You can say "forget it, I'm not worrying about it" or you can obsess over it. The best thing to do, in my opinion, is try to find some kind of narrative to put over it that teaches you a valuable lesson. It's not a perfect solution, but it allows growth without demonizing others or putting yourself down. It's a certainty that the narrative is going to be incomplete and trivializing of certain things, but that's also unavoidable.


OK, perhaps I didn't phrase my objection very well.

> The purpose is to review various people that didn't like me and explore why.

I guess my problem with the article was that the tone implied that most of these people weren't justified in not liking you, or that it was some natural effect of a bad situation, rather than something caused by your own actions.


I don't mean to put the boot in too much, but what comes across is not just lack of empathy but lack of self-knowledge. The fact that the OP has to think why people don't like him strikes me as... troubling. This is not a personal comment on the OP - everybody has people who don't like them (hey, some of us more than others) - but if you really don't know at this stage in your life what it is you do that puts those who dislike you off, I suggest you collar some of your good friends and ask them straight up, because you really need a hint.

Note: I am not suggesting that one has to "fix" things other people dislike; every (sane) character trait is a trade-off between good points and bad points.
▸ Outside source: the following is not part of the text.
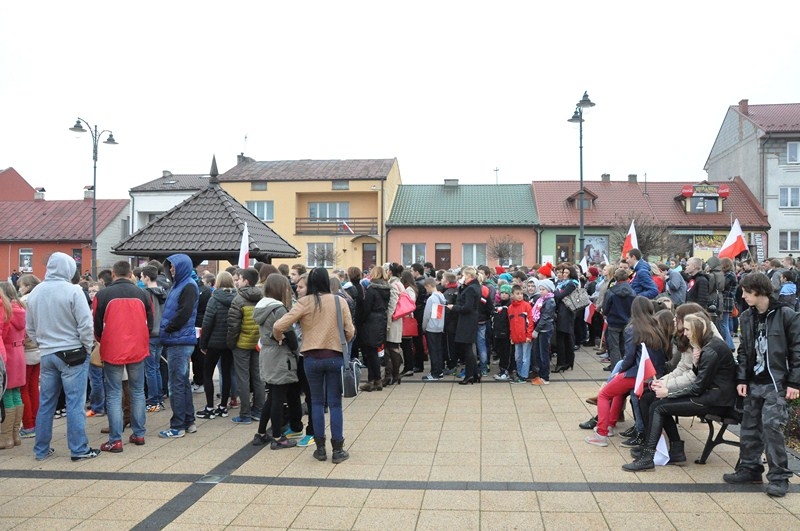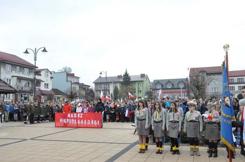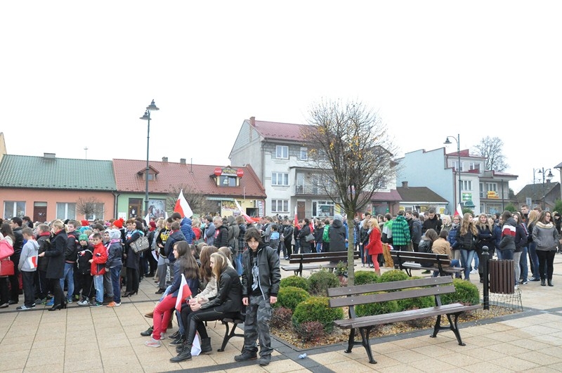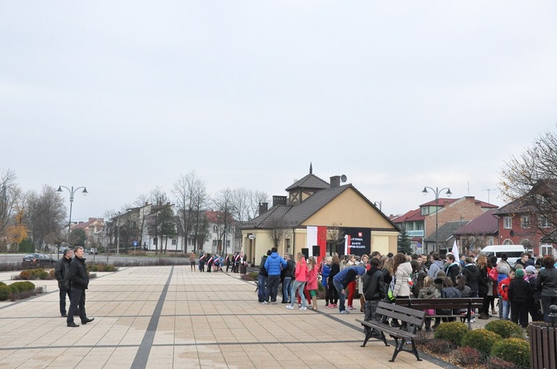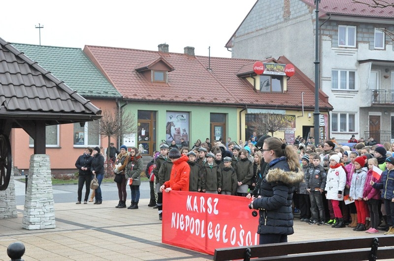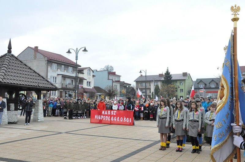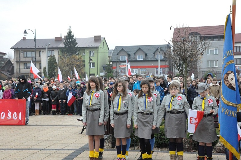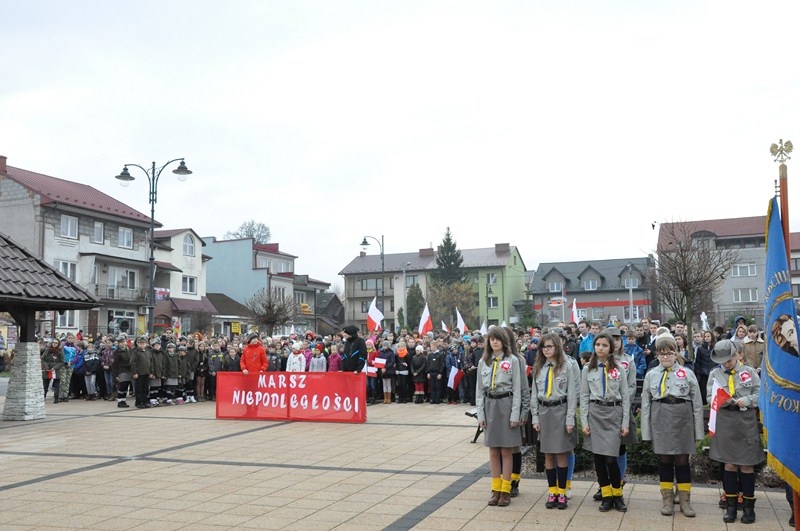 W tym roku tradycji stało się zadość i uczniowie kolejny już raz wzięli UDZIAŁ W MARSZU ULICAMI NASZEGO MIASTA. Uczniowie z Połańca wraz z opiekunami przeszli ulicami: Żapniowską, Czarnieckiego oraz ul. Ruszczańską, by ostatecznie dotrzeć na Plac Uniwersału Połanieckiego. Podczas marszu rozbrzmiewały pieśni patriotyczne. Przemarsz zakończył się odezwą do wszystkich zgromadzonych na Placu Uniwersału Połanieckiego w Połańcu. Marsz ma za zadanie upamiętnienie wydarzeń prowadzących do odzyskania niepodległości oraz osób, które się do tego przyczyniły. Wszystkich zgromadzonych na Placu Uniwersału Połanieckiego gorąco powitał Dyrektor Publicznego Gimnazjum Nr 1 im. Kr. Jadwigi w Połańcu. – Jerzy Nowak, który przedstawił rys historyczny, kiedy to nasi przodkowie przez lata niewoli, która rozpoczęła się w wyniku rozbiorów dokonanych przez Rosję, Austrię i Prusy w 1795 r., niestrudzenie, wytrwale, wręcz szaleńczo podejmowali kolejne próby walki z zaborcami. Wśród zaproszonych gości obecni byli przedstawiciele lokalnego samorządu - Burmistrz Miasta i Gminy Połaniec – Jacek Tarnowski, Wiceprzewodniczący Rady Miejskiej w Połańcu – Zdzisław Kwiatkowski, Wiceprzewodniczący - Andrzej Wawrzyniec, Skarbnik Miasta i Gminy Połaniec – Małgorzata Żugaj, a także radni, dyrektorzy, prezesi jednostek, dyrektorzy szkół, nauczyciele i licznie przybyła młodzież szkolna.

But one should be aware what they are.


my problem with the article was that the tone implied that most of these people weren't justified in not liking you, or that it was some natural effect of a bad situation, rather than something caused by your own actions.

The tone was due to a hurried write, as was the ham-fisted nature.

Of course from their end these people were completely justified in not liking me.

But also of course from my side it looks unjustified. How else could it look? From my angle, just like them, I've been acting rationally and with good intentions all along.